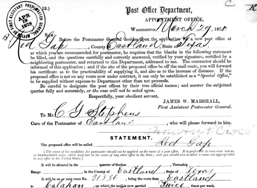 Betts survey". Thus, the new town of Eastland, named for the county, was
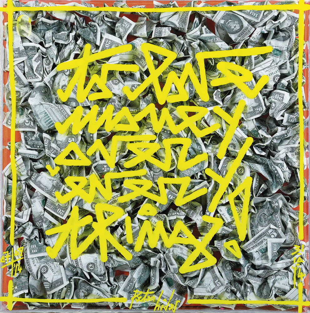 tecnica mista e banconote (fac-simile) su tela con teca a copertura in plexiglass dipinto cm. 50x50x5, firma in basso al centro, anno in basso a destra e a sinistra, titolo, firma, anno, timbri ed etichette dell'artista al retro, dichiarazione d'autenticità dell'artista su certificato allegato.
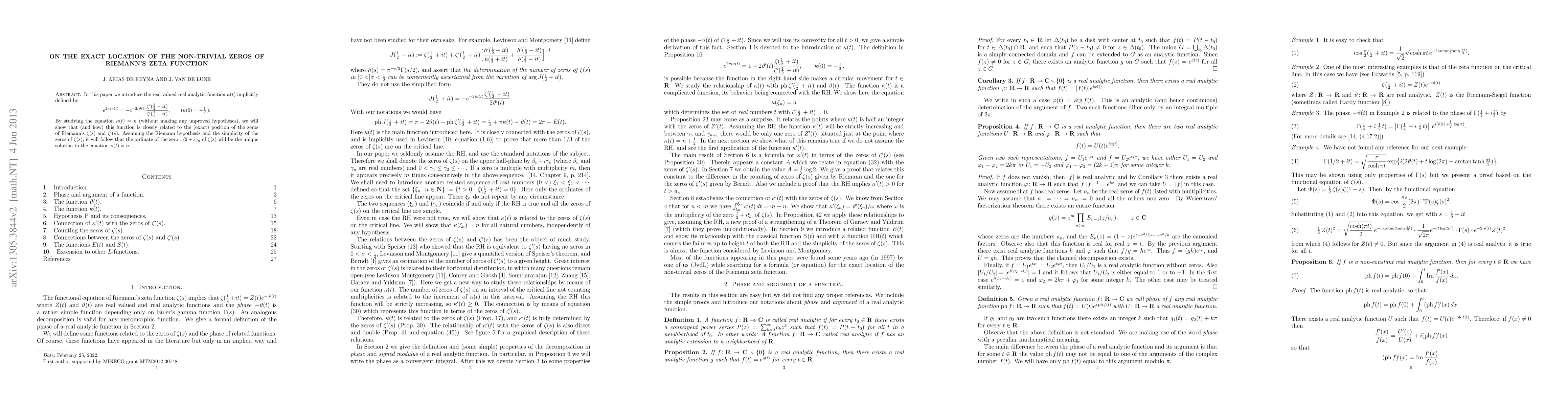 This paper introduces a real analytic function kappa(t) to explore the exact location of non-trivial zeros of the Riemann zeta function. It shows that kappa(t) = n relates closely to the ordinate of the zeros of zeta(s), proving the ordinate of the zero at 1/2 + iγ_n without unproven assumptions, assuming the Riemann hypothesis and zero simplicity.
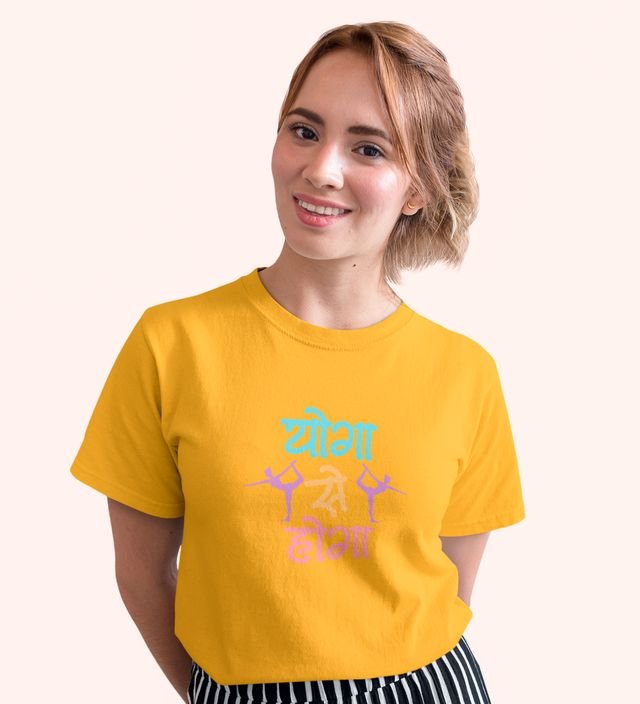 Yoga Se Hoga! Yellow Round Neck Cotton Half Sleeved Women T-Shirt with Printed Graphics
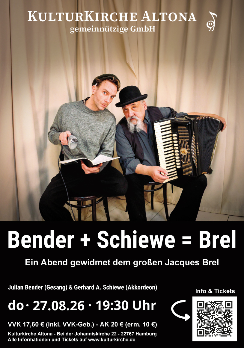 Julian Bender (Gesang) und Gerhard A. Schiewe (Akkordeon) folgen diesen Blicken, lassen Brels Figuren wieder aufleben: den Träumer, den Spötter, den, der zu spät begreift.

====

Your task is to restate word for word the lines from the one containing "tecnica mista e" through the last line of the data, both ends included, with no pictures.

**Response area**
 tecnica mista e banconote (fac-simile) su tela con teca a copertura in plexiglass dipinto cm. 50x50x5, firma in basso al centro, anno in basso a destra e a sinistra, titolo, firma, anno, timbri ed etichette dell'artista al retro, dichiarazione d'autenticità dell'artista su certificato allegato.
 This paper introduces a real analytic function kappa(t) to explore the exact location of non-trivial zeros of the Riemann zeta function. It shows that kappa(t) = n relates closely to the ordinate of the zeros of zeta(s), proving the ordinate of the zero at 1/2 + iγ_n without unproven assumptions, assuming the Riemann hypothesis and zero simplicity.
 Yoga Se Hoga! Yellow Round Neck Cotton Half Sleeved Women T-Shirt with Printed Graphics
 Julian Bender (Gesang) und Gerhard A. Schiewe (Akkordeon) folgen diesen Blicken, lassen Brels Figuren wieder aufleben: den Träumer, den Spötter, den, der zu spät begreift.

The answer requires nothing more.